§ WHAT IS BEING ASKED
Repeat all of the data word for word so that only the pictures are missing from the copy.

§ RAW DATA
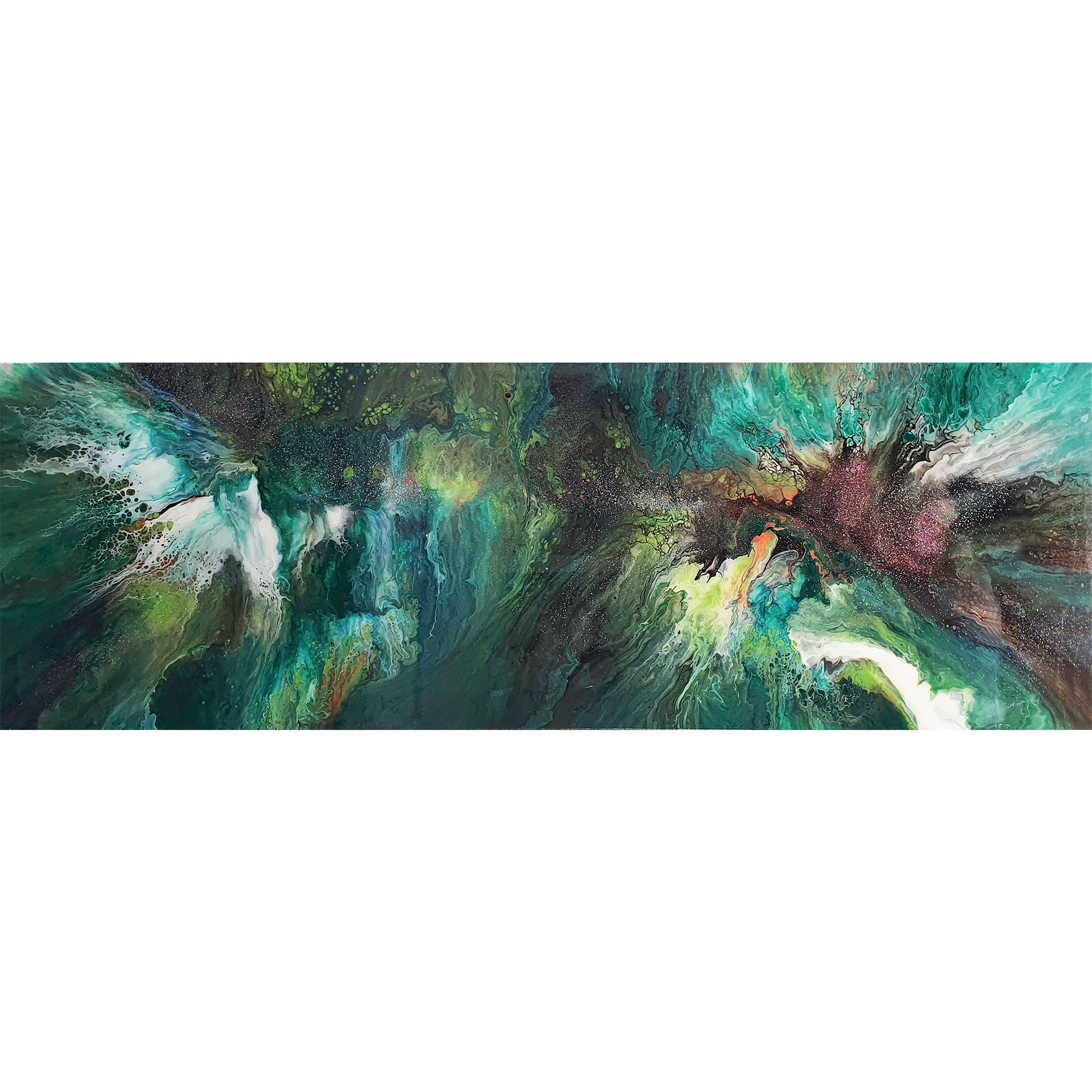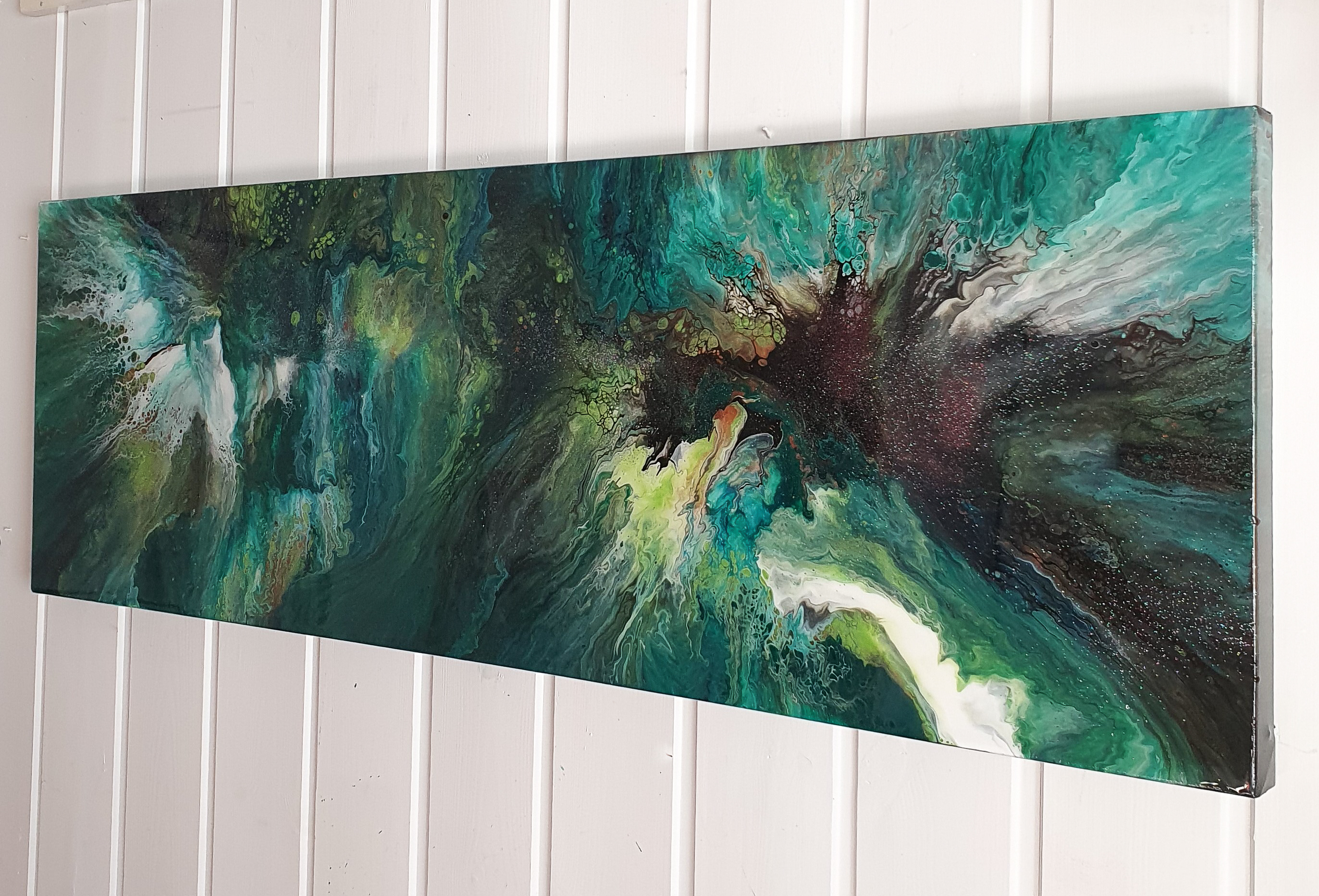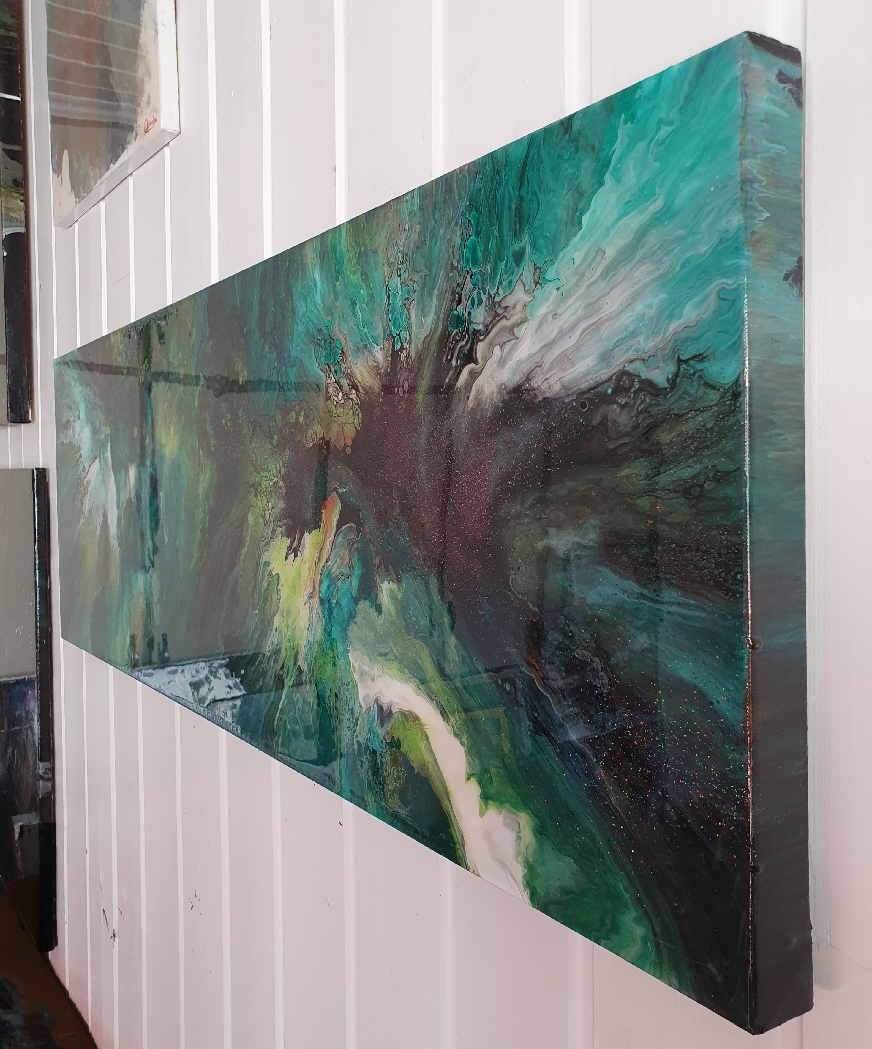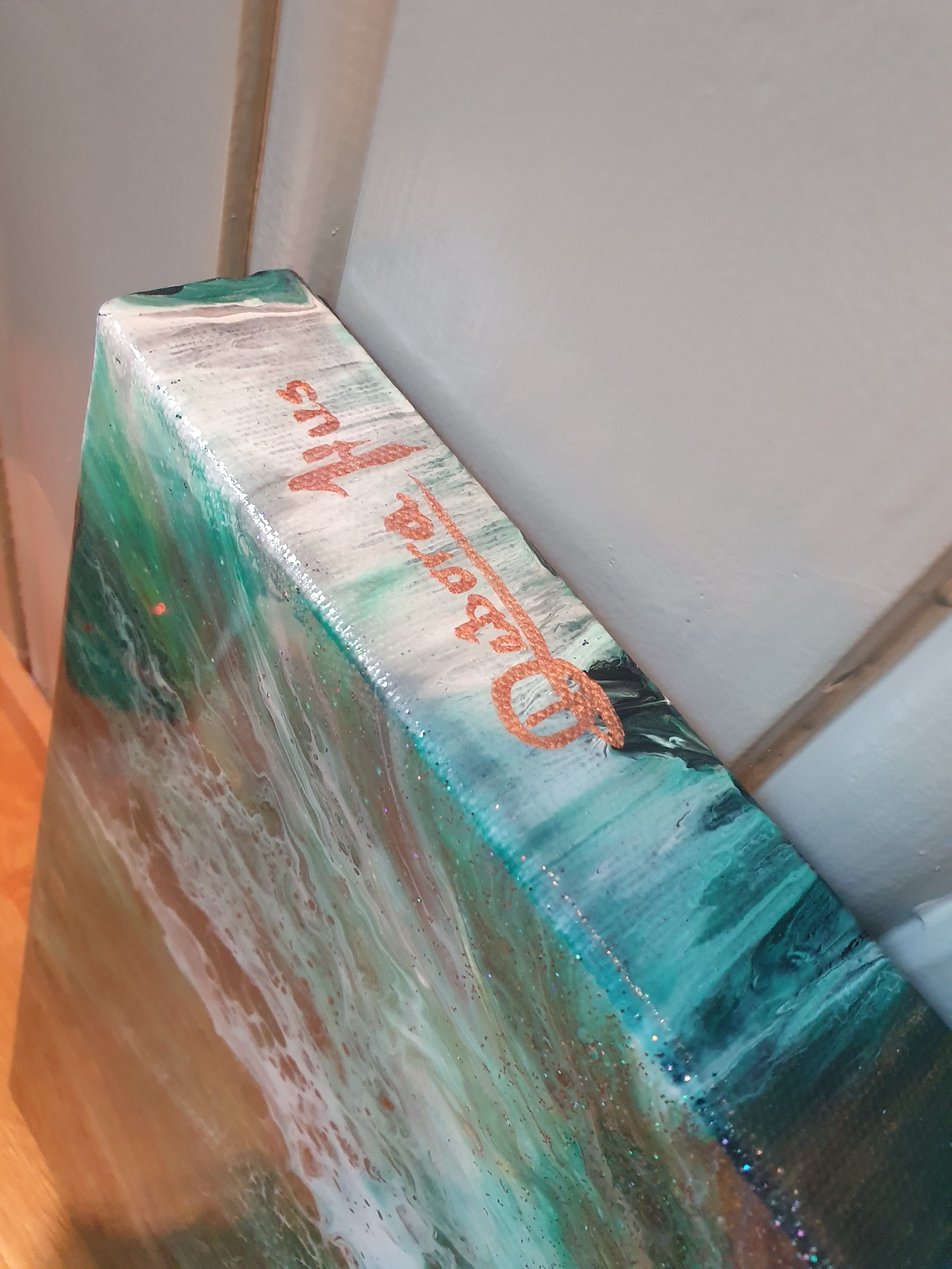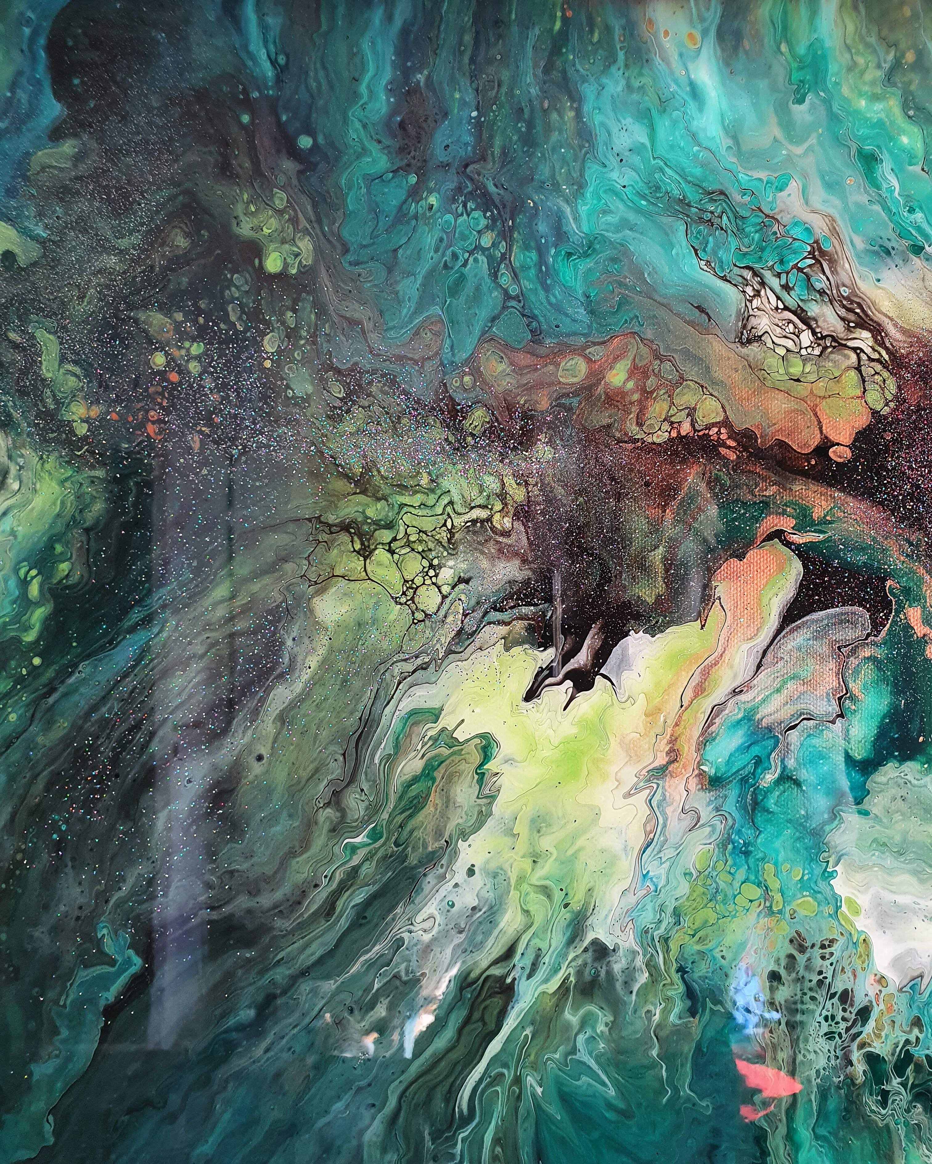Acrylic paint, glitter, and shimmer are used to create this piece of art on canvas.
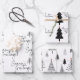 Beautiful and elegant black and white Season's Greetings wrapping paper set is perfect for those who like a simple and minimalist aesthetic. The pine trees have a tiny gold star. So pretty with the hand written script typography.
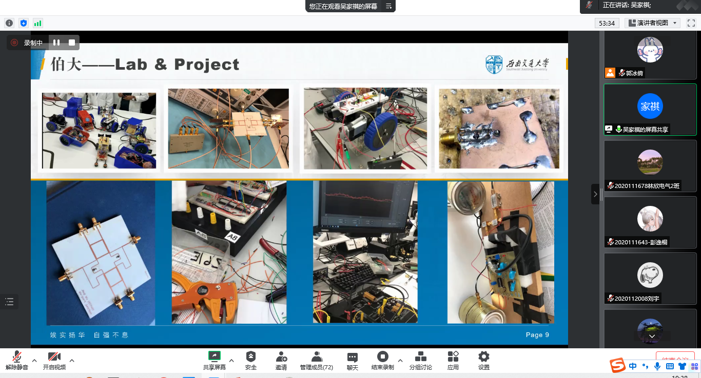 为帮助同学们更好地了解出国留学流程、做好出国相关准备,明确努力方向,8月19日晚19时30分,91成人 举办了“电气”脚尖,迈向世界——海外留学经验分享会。本次分享会由91成人 本科2020级辅导员郭冰倩主持,同时邀请了拥有丰富留学经历的本科2016级电气工程及其自动化专业的吴家祺同学和本科2018级电子信息工程专业的韦雨声同学分享自身的留学经验与心得,帮助同学们更加深入地了解留学申请流程,专业及院校选择、海外学习生活和留学就业前景等方面信息。
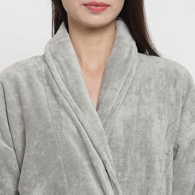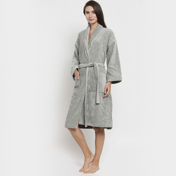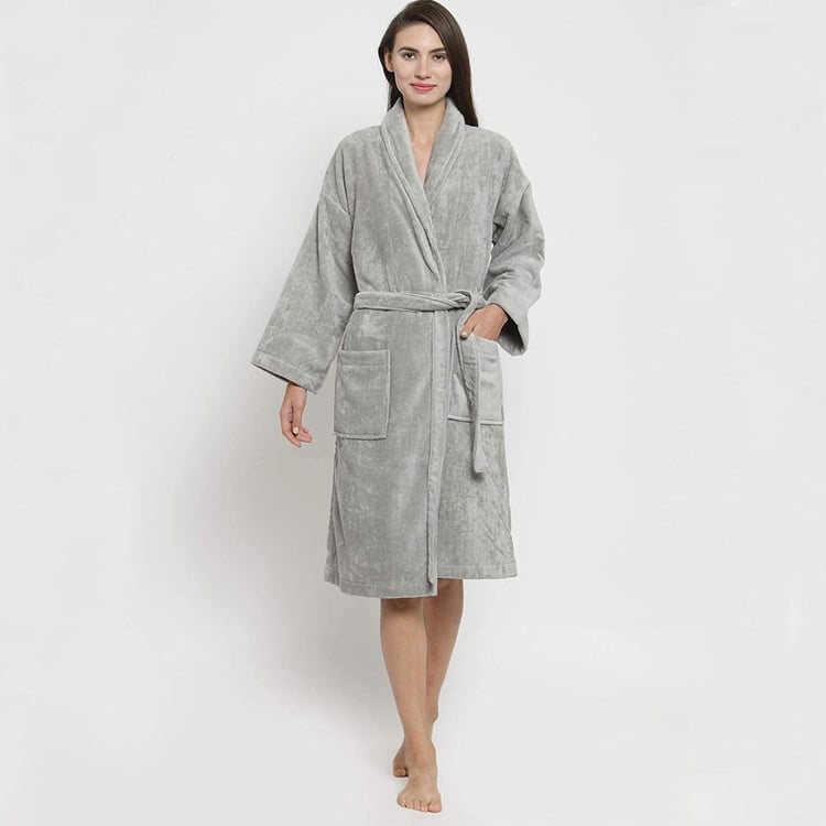 TRIDENT Classic Grey Solid Cotton Bathrobe

§ RESULT
Acrylic paint, glitter, and shimmer are used to create this piece of art on canvas.
 Beautiful and elegant black and white Season's Greetings wrapping paper set is perfect for those who like a simple and minimalist aesthetic. The pine trees have a tiny gold star. So pretty with the hand written script typography.
 为帮助同学们更好地了解出国留学流程、做好出国相关准备,明确努力方向,8月19日晚19时30分,91成人 举办了“电气”脚尖,迈向世界——海外留学经验分享会。本次分享会由91成人 本科2020级辅导员郭冰倩主持,同时邀请了拥有丰富留学经历的本科2016级电气工程及其自动化专业的吴家祺同学和本科2018级电子信息工程专业的韦雨声同学分享自身的留学经验与心得,帮助同学们更加深入地了解留学申请流程,专业及院校选择、海外学习生活和留学就业前景等方面信息。
 TRIDENT Classic Grey Solid Cotton Bathrobe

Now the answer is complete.